Simple kettlebell complex

A quick but challenging kettlebell complex consisting of racked squats, hang cleans & goblet squats. Can be done in a variety of ways. Pyramids, reps, time & ladders to name a few.

Just Some Benefits of Squats

So we’re going to start this blog off with a look at a series of exercises that should be mainstays in your exercise arsenal.

A varied workout routine of suitable intensity is one of the smartest health moves you can make, especially when combined with a sensible diet and adding squats to your routine is a no brainer.

So some reasons that Squats are tops

1. Builds Muscle in Your Entire Body

Squats help to build your leg muscles (including your quadriceps, hamstrings, and calves), but they also create an anabolic environment, which promotes body-wide muscle building.

In fact, along with deadlifts, squats trigger the greatest release of testosterone and human growth hormone in your body, which are vital for muscle growth and will also help to improve total body muscle mass.

Squats help you improve both your upper and lower body strength.

2. Functional Exercise Makes Real-Life Activities Easier

Functional exercises are those that help your body to perform real-life activities.
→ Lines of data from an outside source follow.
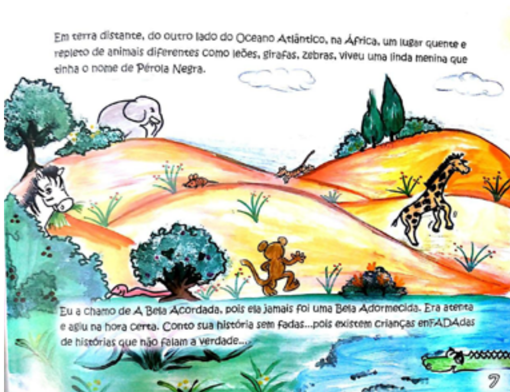
FIGURA 2 – Literatura Brasileira “A Bela Acordada” p.7

Fonte do Livro: Autora: Santos, L P dos, ( 2011)
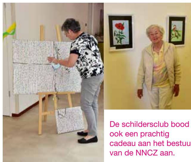
De schildersclub bood ook een prachtig cadeau aan het bestuur van de NNCZ aan.

De schildersclub van Wolfsbos (bestaande uit cliënten van Wolfsbos en bezoekers van dagbesteding de Boskamer) hebben een prachtige expositie feestelijk geopend in de hal van Jannes van der Sleedenhuis Wolfsbos. De expositie is dagelijks te bezichtigen, u bent van harte welkom!
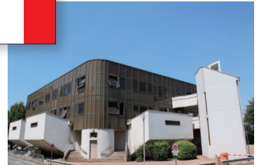
パリ第11大学(医学部)
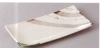
223-19-71H 1,000円 織部梅紋ストライプ突出皿 22.5×10.2×2.6cm
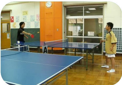
児童館に来館する子どもたち達と遊んだり、行事や館内整理のお手伝いをします。
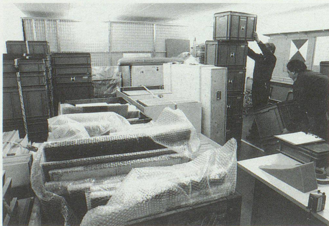
Einer der KGS-Schutzräume ist schon fast voll.
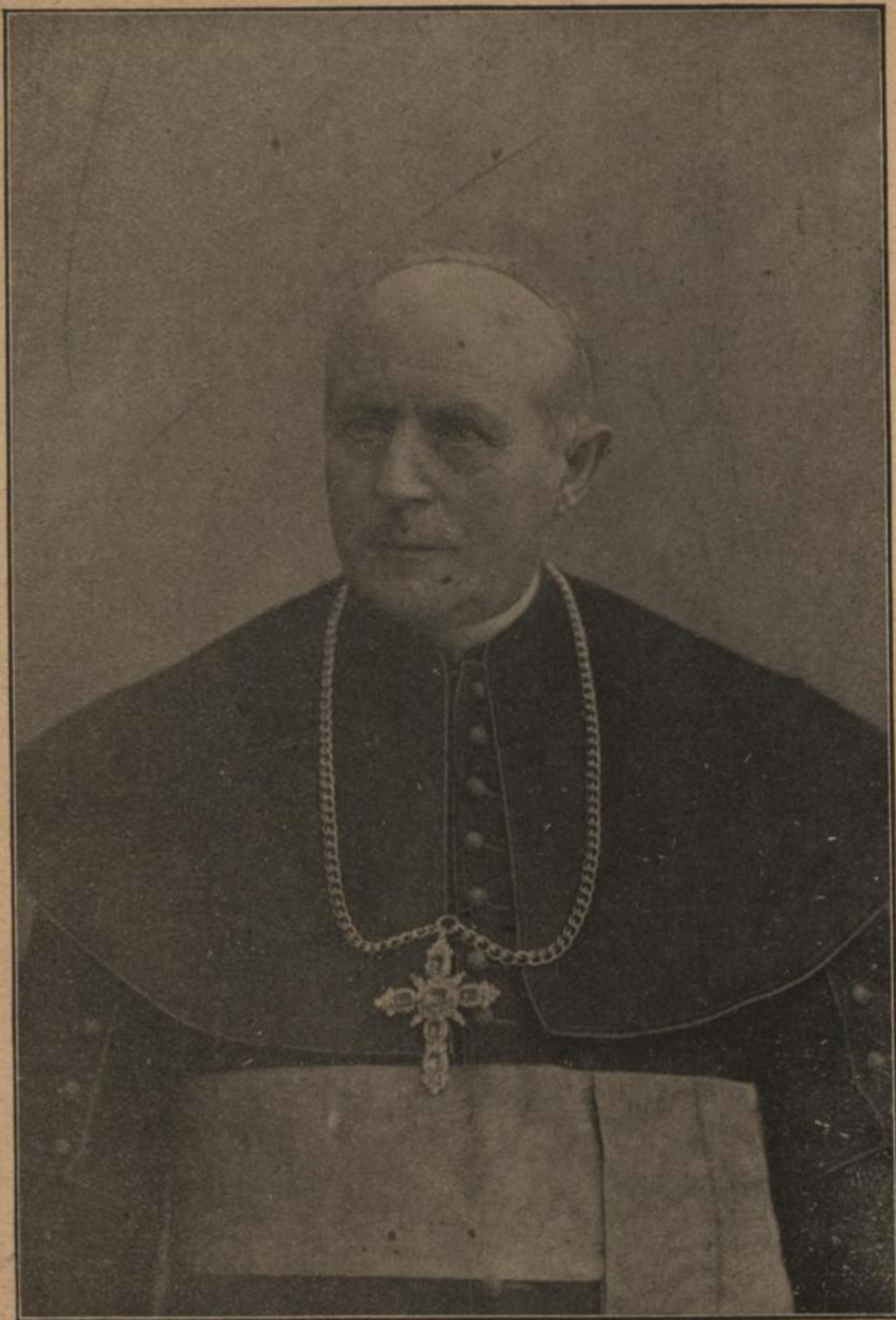
Biskop Łusčanski, † 1905.
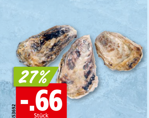
Miesmuscheln Bouchot frisch vom Mont-Saint-Michel AOP, Frankreich
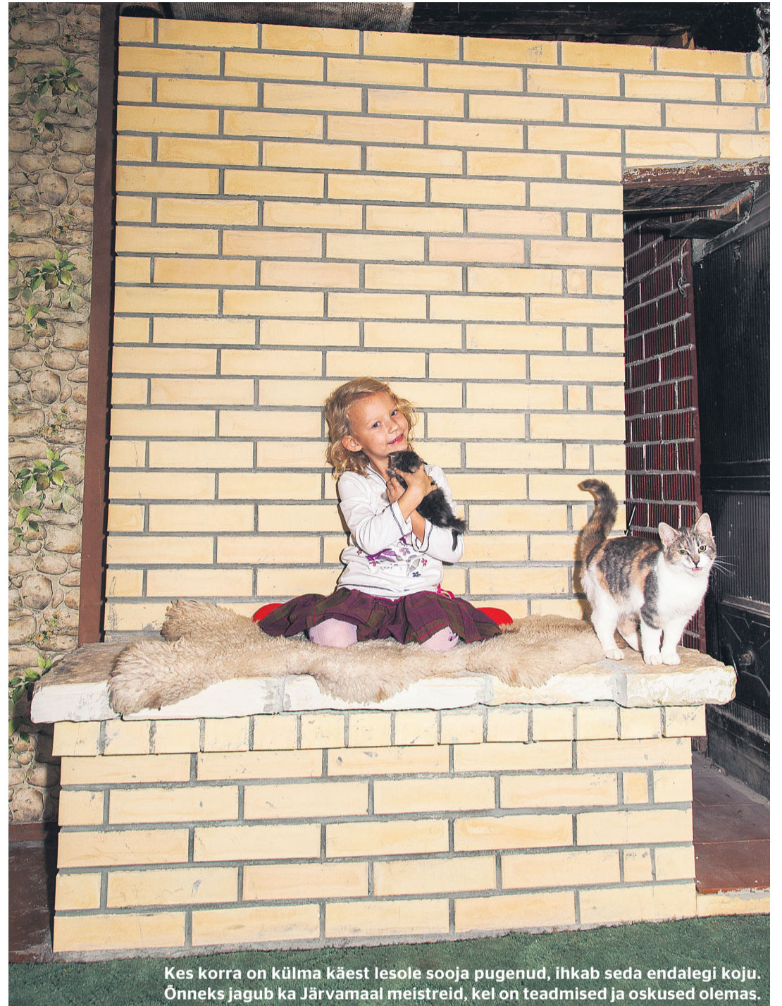
Kes korra on külma käest lesole sooja pugunud, ihkab seda endalegi koju. Õnneks jagub ka Järvamaal meistreid, kel on teadmised ja oskused olemas.

Arvestama peab veel sellega, et pottseppadel on järjekord. Tavaliselt vähemalt paar-kolm kuud, aga mõnel ka pool aastat või kauemgi.
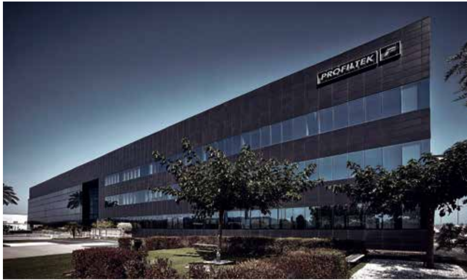
Sede de Profiltek en el polígono industrial de Quartell.

Respecto a las medidas de seguridad implementadas, los trabajadores de PROFILTEK vuelven a sus puestos con un tiempo de margen para que no coincidan los empleados en las
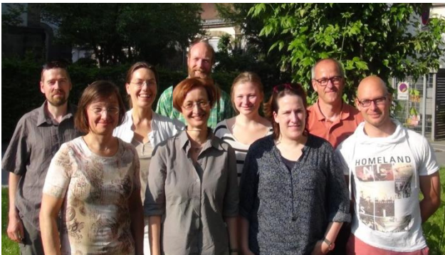
das interdisziplinäre DreKiP-Team
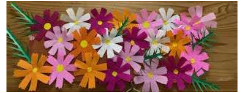
図書室前の掲示より(ミントの会作成)

子供たちが自分たちで企画し、楽しみながら実行しようとしています。まさに、学校教育目標の「自分たちで気づき、考え、行動できる子供」が育っていることに嬉しく思いました。
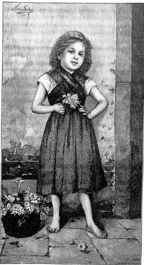
Ein Kind des Südens.

„Geh jetzt zur Maman und sag es ihr schön“, mahnte die Krankenwärterin, denn sie sah, wie Schwester Alma sich
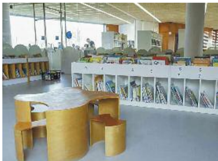
La biblioteca renovada.

La directora de la biblioteca municipal, Míriam Gásquez, admet que l'espera per poder comptar de nou amb aquest equipament "ha estat llarga", i

Squats are one of the best functional exercises out there, as humans have been squatting since, well since they were humans. When you perform squats, you help your muscles work more efficiently, as well as promote mobility and balance. All of these benefits translate into your body moving more efficiently in the real world too.

3. Burn More Fat

One of the most time-efficient ways to burn more calories is actually to gain more muscle! For every kilogram of additional muscle, you gain, your body will burn an additional 100-150 calories per day. And of course being a large compound exercise they burn a lot of calories when being performed & require large amounts of energy to recover.

4. Maintain Mobility and Balance

Strong legs are crucial for staying mobile as you age, and squats are tops for increasing leg strength. They also train your core, stabilising muscles, which will help you to maintain balance, while also improving the neuro-muscular communication.

5. Prevent Injuries

Most athletic injuries involve weak stabiliser muscles, ligaments and connective tissues, which squats help strengthen. They also help prevent injury by improving your flexibility (squats improve the range of motion in your ankles and hips) and balance. Huzzah!!

6. Boost Your Sports Performance -- Jump Higher and Run Faster

Countless studies have linked squatting strength with athletic ability. Specifically, squatting helped athletes run faster and jump higher, which is why this exercise is part of virtually every professional athlete's training program.

7. Tone Your Backside, Abs and Entire Body

Want great buns?? Well squat if the answer is yes!

Very few exercises work as many muscles as the squat. It’s excellent for toning, tightening & strengthening your bum, abs, and legs. Importantly, squats build your muscles, and these muscles participate in the regulation of glucose and lipid metabolism and insulin sensitivity, helping to protect you against obesity, diabetes and cardiovascular disease.

8. Help with Waste Removal

Did you know that squats improve the pumping of body fluids, aiding in removal of waste and delivery of nutrition to all tissues, including organs and glands. They're also useful for improved movement of faeces through your colon and more regular bowel movements. I.e. don’t have a super-hot curry the day before heavy squats…

9. Variety is the spice of Life

Maintaining interest is vital for many people in continuing their exercise regime. There are literally dozens of variations for squats. Jump squats, box squat, front squats the list goes on.